The only problem is its location. No lover of art would think to look for this colorful piece of art in a place like a gym.

“It’s a little out of the way,” said Jim Arnwine, dean of Visual Media and Performing Arts. “But we now have doors on the side of the gym that lead right to where the mural is hanging.”

To find the mural you would have to walk into the gym, through the tunnel and at the end of that tunnel, look up towards the top of the wall to view the artwork.

Joe Futtner, assistant dean of Visual Media and Performing Arts, said that though its placement is off the beaten path, the mural is a great addition to the campus.

“I think it’s a wonderful opportunity that’s being much celebrated by the college,” Futtner said.

Arnwine said that the school was going to have a ceremony for the mural with a tentative date scheduled for May 22.

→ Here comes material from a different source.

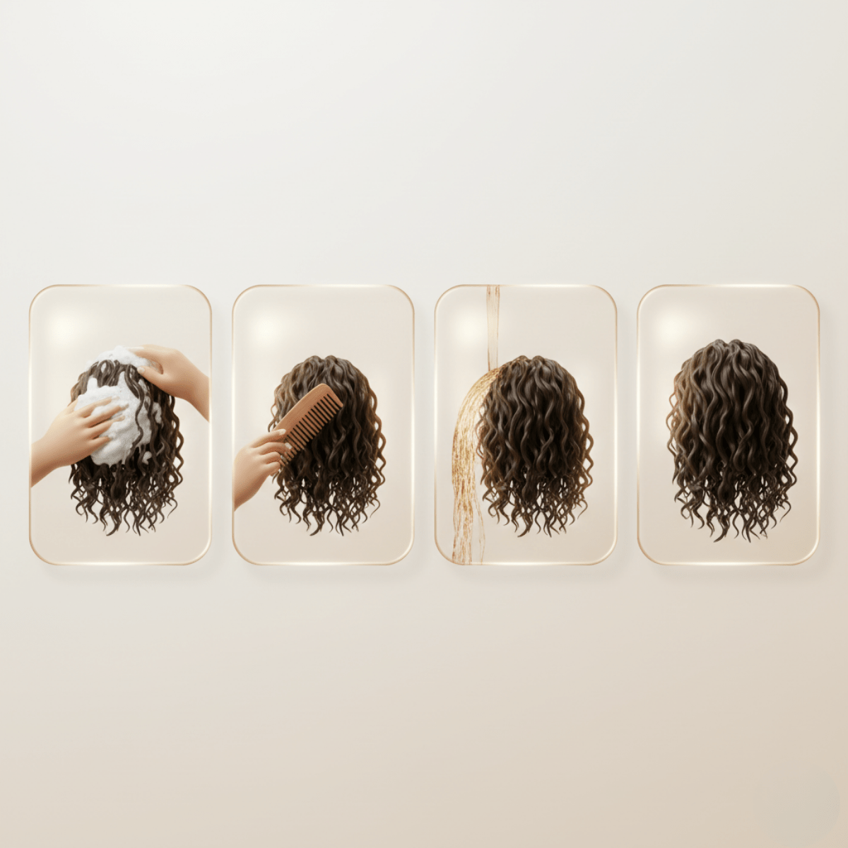 Gönn deinem Haar eine sanfte, tiefenpflegende Reinigung, die nicht nur sauber macht – sondern bereits beim Waschen entwirrt, Frizz reduziert und die natürliche Lockenstruktur sichtbar verlängert.

The mural encapsulated the early history of the Rose Parade with stylized horses, carriages, and marchers, was painted on walnut, according to Futtner. In the painting, horses and stagecoaches are passing by Pasadena City Hall.

The mural had formerly been in the lobby of Home Savings on Colorado Boulevard, but was put into storage during the Chase Bank corporate makeover.

Tony Sheets, Sheets’ son, told the Pasadena Star-News that he insisted that the mural only be installed in a location that would accommodate mounting it in a single sweep. He oversaw the restoration of the mural, then gifted it to the City of Pasadena. It will be on loan to PCC for 25 years.

Sheets, born in Pomona, was a painter and muralist whose works are displayed throughout Southern California, including a number of the then-Home Savings branches. He died in 1989.